Question

An article reports that 1 in 500 people carry the defective gene that causes inherited colon cancer. In a sample of 2000 individuals, what is the approximate distribution of the number who carry this gene?
We can approximate this distribution by the Poisson distribution with μ = 4 .

(a) Use the Poisson approximation to calculate the approximate probability that between 3 and 7 (inclusive) carry the gene. (Round your answer to three decimal places.)

(b) Use the Poisson approximation to calculate the approximate probability that at least 7 carry the gene. (Round your answer to three decimal places.)

Answer 1

Answer:

a) 0.71 = 71% probability that between 3 and 7 (inclusive) carry the gene.

b) 0.112 = 11.2% probability that at least 7 carry the gene.

Step-by-step explanation:

In a Poisson distribution, the probability that X represents the number of successes of a random variable is given by the following formula:

$P(X = x) = \frac{e^{-\mu}*\mu^{x}}{(x)!}$

In which

x is the number of sucesses

e = 2.71828 is the Euler number

$\mu$ is the mean in the given interval

In this problem, we have that:

$\mu = 4$

(a) Use the Poisson approximation to calculate the approximate probability that between 3 and 7 (inclusive) carry the gene. (Round your answer to three decimal places.)

$P(3 \leq X \leq 7) = P(X = 3) + P(X = 4) + P(X = 5) + P(X = 6) + P(X = 7)$

$P(X = x) = \frac{e^{-\mu}*\mu^{x}}{(x)!}$

$P(X = 3) = \frac{e^{-4}*(4)^{3}}{(3)!} = 0.195$

$P(X = 4) = \frac{e^{-4}*(4)^{4}}{(4)!} = 0.195$

$P(X = 5) = \frac{e^{-4}*(4)^{5}}{(5)!} = 0.156$

$P(X = 6) = \frac{e^{-4}*(4)^{6}}{(6)!} = 0.104$

$P(X = 7) = \frac{e^{-4}*(4)^{7}}{(7)!} = 0.06$

$P(3 \leq X \leq 7) = P(X = 3) + P(X = 4) + P(X = 5) + P(X = 6) + P(X = 7) = 0.195 + 0.195 + 0.156 + 0.104 + 0.06 = 0.71$

0.71 = 71% probability that between 3 and 7 (inclusive) carry the gene.

(b) Use the Poisson approximation to calculate the approximate probability that at least 7 carry the gene. (Round your answer to three decimal places.)

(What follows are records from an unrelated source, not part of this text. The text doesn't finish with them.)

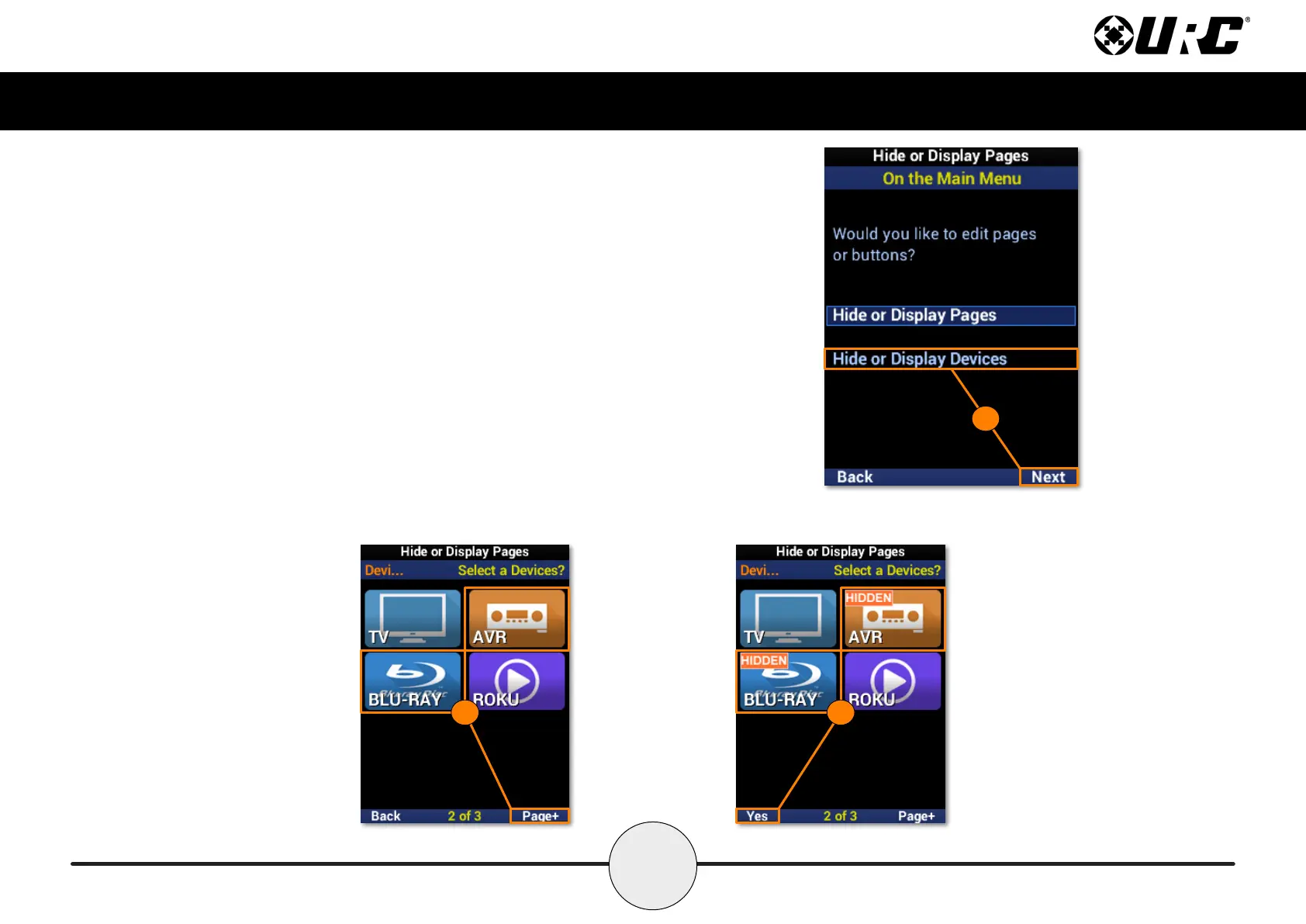 2. Select each device to be hidden. Use Page+ to move between device pages.
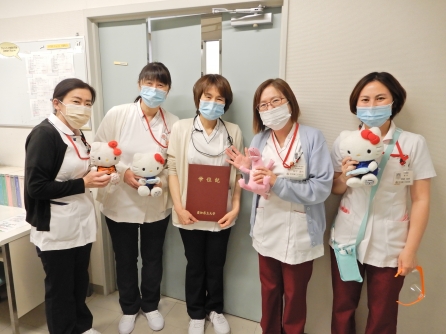 A5病棟係長のTさん、呼吸器疾患看護認定看護師の教育課程を修了しました。B課程ですので特定行為研修も終えてきました。おめでとうございます!!
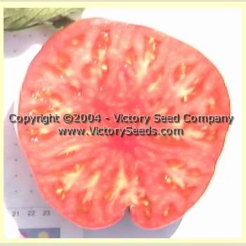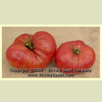 85 days, indeterminate — This is a family heirloom that helped to start the Victory Seed Company. The potato leaf plants produce huge (up to two pounds), dark pink colored fruit that are meaty, yet juicy, and with a great flavor. An excellent slicing variety.
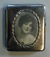 Suorakaitio rasia, jossa kääntyvä kansi. Kannessa soikea aukko, jossa mv-valokuva naisesta. Sisus kullanvärinen, kuminauhat kummassakin puoliskossa.
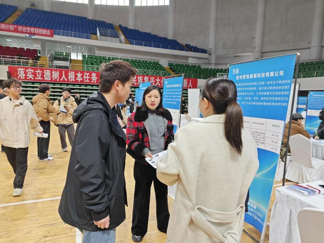 活动现场,陈亦桥先后与贵州贤悦琅琅科技有限公司、贵州永华技工学校、贵州华霖教育科技有限公司、贵州黔药集团遵北医药有限公司、贵州贝朵亚文化传播有限公司等多家教育、传媒类企业负责人深入交流。双方围绕学院专业人才培养模式与企业用人标准、岗位需求特点等内容,展开了深入讨论与交流。
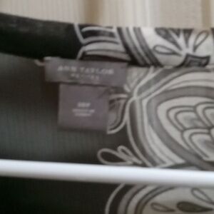 this is a very beautiful black blouse with white floral print. blouse is sheer but has attached camisole. it is from ann Taylor loft size 10p. it has attracted belt made out of same material that ties in the back.
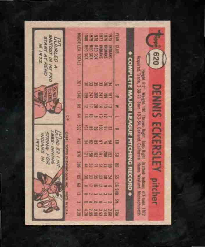 1981 Topps # 620 DENNIS ECKERLEY Red Sox
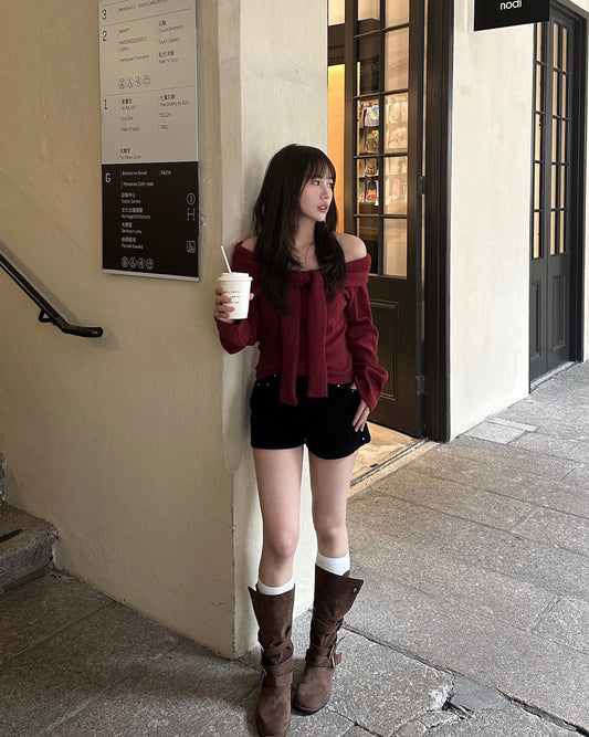 【情人節約會必選💗女友感滿分】Melting Heart 芭蕾舞風絲帶蝴蝶結滑滑絨毛一字肩Top
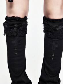 Kawaii 1 Pair Punk Style Black Lace Trim Leg Warmers, Y2K Cross Element Solid Color Flared Leg Warmers, & Slimming, Suitable For Daily, Festival, Party Outfits
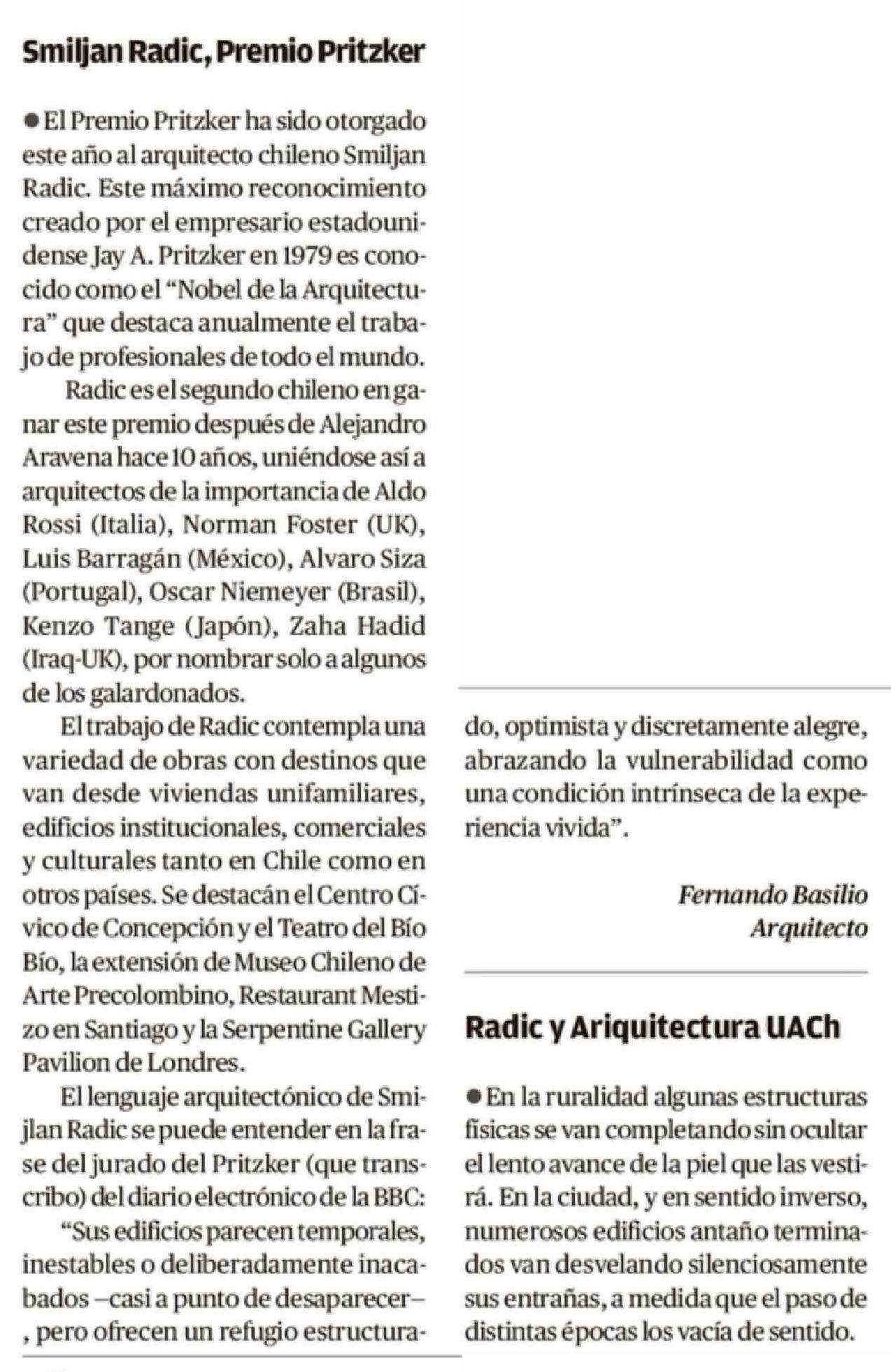 Título: CARTAS: Smiljan Radic, Premio Pritzker

Either less than 7 carry the gene, or at least 7 do. The sum of the probabilities of these events is decimal 1. So

$P(X < 7) + P(X \geq 7) = 1$

We want $P(X \geq 7)$. So

$P(X \geq 7) = 1 - P(X < 7)$

In which

$P(X < 7) = P(X = 0) + P(X = 1) + P(X = 2) + P(X = 3) + P(X = 4) + P(X = 5) + P(X = 6)$

$P(X = x) = \frac{e^{-\mu}*\mu^{x}}{(x)!}$

$P(X = 0) = \frac{e^{-4}*(4)^{0}}{(0)!} = 0.018$

$P(X = 1) = \frac{e^{-4}*(4)^{1}}{(1)!} = 0.073$

$P(X = 2) = \frac{e^{-4}*(4)^{2}}{(2)!} = 0.147$

$P(X = 3) = \frac{e^{-4}*(4)^{3}}{(3)!} = 0.195$

$P(X = 4) = \frac{e^{-4}*(4)^{4}}{(4)!} = 0.195$

$P(X = 5) = \frac{e^{-4}*(4)^{5}}{(5)!} = 0.156$

$P(X = 6) = \frac{e^{-4}*(4)^{6}}{(6)!} = 0.104$

$P(X < 7) = P(X = 0) + P(X = 1) + P(X = 2) + P(X = 3) + P(X = 4) + P(X = 5) + P(X = 6) = 0.018 + 0.073 + 0.147 + 0.195 + 0.195 + 0.156 + 0.104 = 0.888$

$P(X \geq 7) = 1 - P(X < 7) = 1 - 0.888 = 0.112$

0.112 = 11.2% probability that at least 7 carry the gene.